Chocolate Factory Announces First Season at Its New Home

The Chocolate Factory Theater’s first season at its new, permanent home will include commissioned premieres by the playwright and director Aya Ogawa, the choreographer Luciana Achugar and seven other artists, the organization announced Friday.

“It’s incredibly exciting, and I have no idea how it’s going to go and that, in itself, is really interesting for me,” said Brian Rogers, the Chocolate Factory’s artistic director, in an interview. “Every aspect of it feels totally new to me, which is not an experience I’ve had in a really long time, and it’s great.”

Before the doors open at 38-33 24th Street in the Long Island City neighborhood of Queens, “The Nosebleed,” an autobiographical theater piece by Ogawa about their complicated relationship with their father, will kick off the season at Japan Society in Manhattan Oct. 1-10.

Achugar’s contribution, “PURO TEATRO: A Spell for Utopia,” will follow in Queens in November.
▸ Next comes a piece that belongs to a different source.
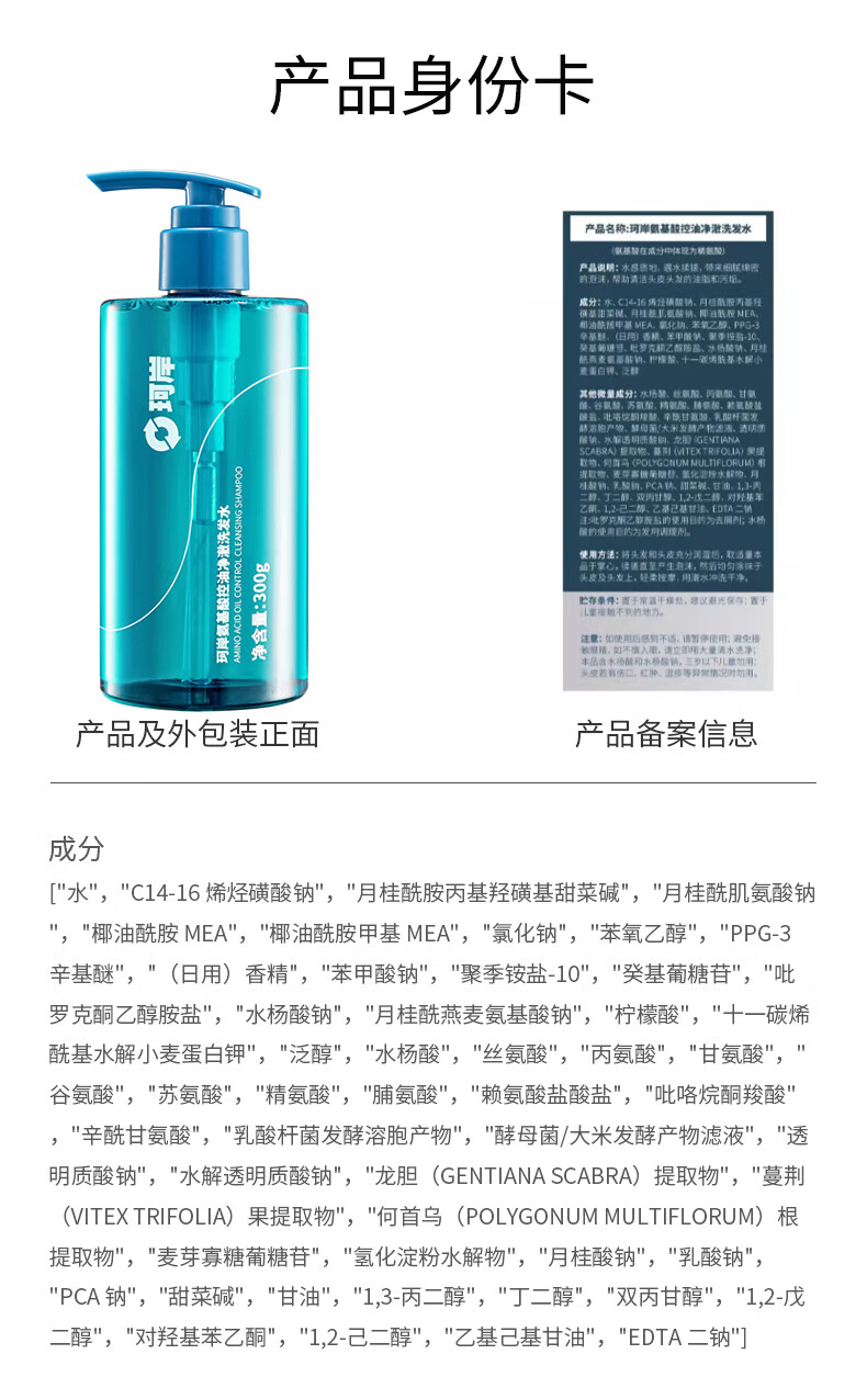 珂岸 华熙生物氨基酸控油去屑洗发水男士洗发露清爽无硅油滋润保湿 洗发水300g
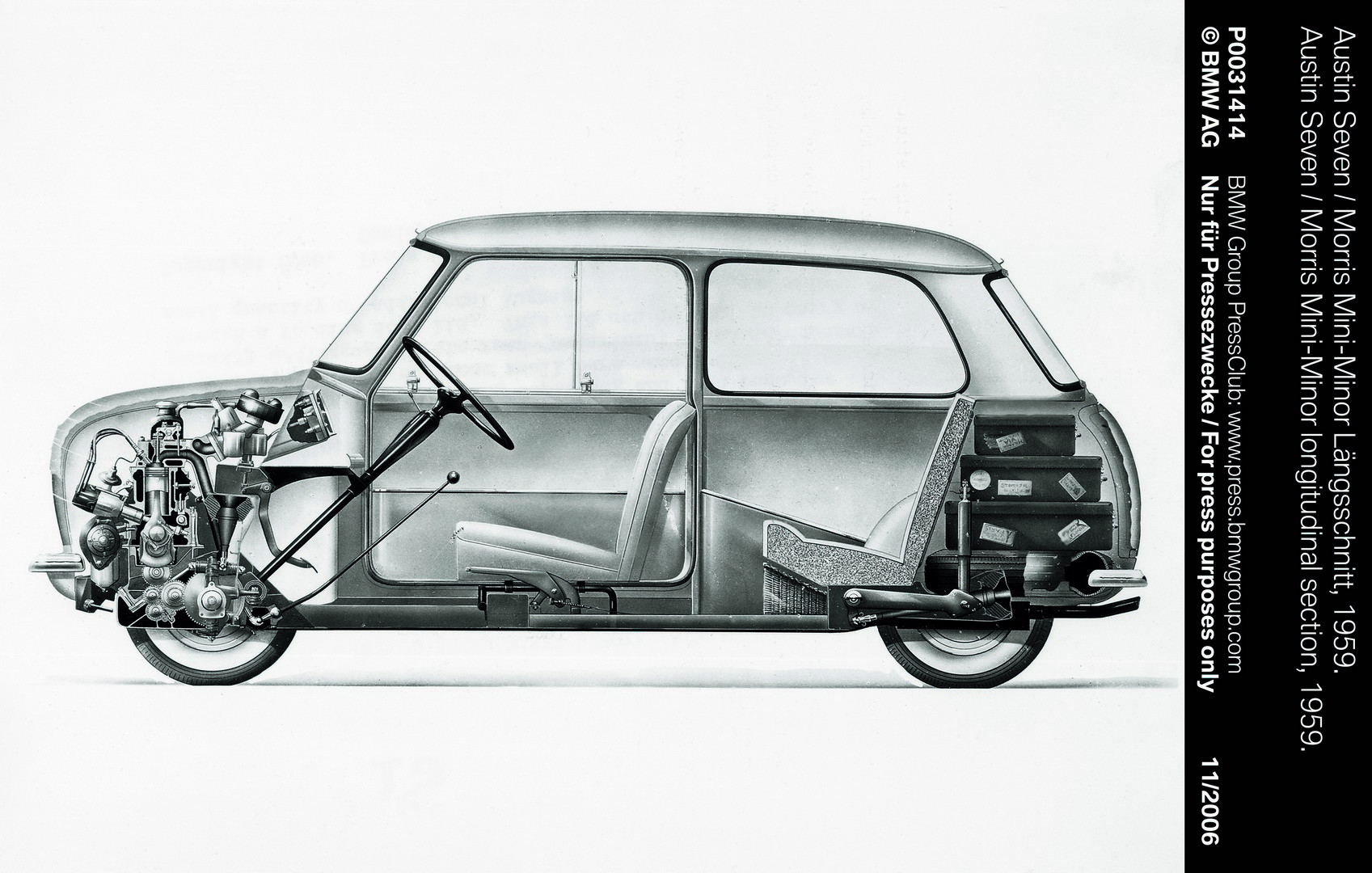 He sketched out the first design drafts on a napkin. The designer Alec Issigonis created a revolutionary small car on the basis of the resulting plans. On 4 April 1959, the first classic Mini rolled off the assembly line at the Austin Longbridge plant in Birmingham. In spite of an external length of 3.05 metres, the little car provided sufficient space for four occupants and their luggage. Issigonis applied a completely new design at the time, with front-wheel drive, a four-cylinder transverse engine mounted at the front of the car, and the gearbox configured beneath. This design layout was soon adopted by virtually all manufacturers in modified form. It offered the best prerequisites for the principle of creative use of space and for excitingly agile driving performance – attributes which characterise the models of the British premium brand to this day.

According to the release, the new work considers the idea of theater “inherent in the intimacy of our own experience within the spaces of our bodies, our homes and our communities.”

A performance by the dance group Aunts (Oct. 3), an art exhibition in partnership with Flux Factory (Oct. 4-24), and a video version of Sibyl Kempson’s audio play “The Securely Conferred, Vouchsafed Keepsakes of Maery S.” (Oct. 31) are among the other fall offerings.

In June, the Chocolate Factory held a weekend-long farewell to its space on 49th Avenue in Long Island City, which it had occupied since 2004. The move to 24th street, a mile north, has been in the works since 2017, when its new building was purchased with financial assistance from the New York City government.

Fully renovating the former tool and die factory will take some time, Rogers said, but the organization’s leadership felt strongly that living without its own theater, for any length of time, was inadvisable. Instead, it opted to open as soon as the basic necessities were in place. “It felt really, really great to make the decision to just fix up the space in the DIY sense, move in and actually just use it and welcome people into it.”

Rogers noted that it was common for artists who performed at the theater’s previous location to become deeply familiar with its quirks and craft their work in response to them. Now they’ll be starting from scratch. “It’s a new sort of adventure for them as well,” he said.

Dates and details for the spring slate have not yet been released. But it will feature commissions by James Allister Sprang, Jon Kinzel, Justin Allen, Laurie Berg, Justin Cabrillos, Larissa Velez-Jackson and Abigail Levine.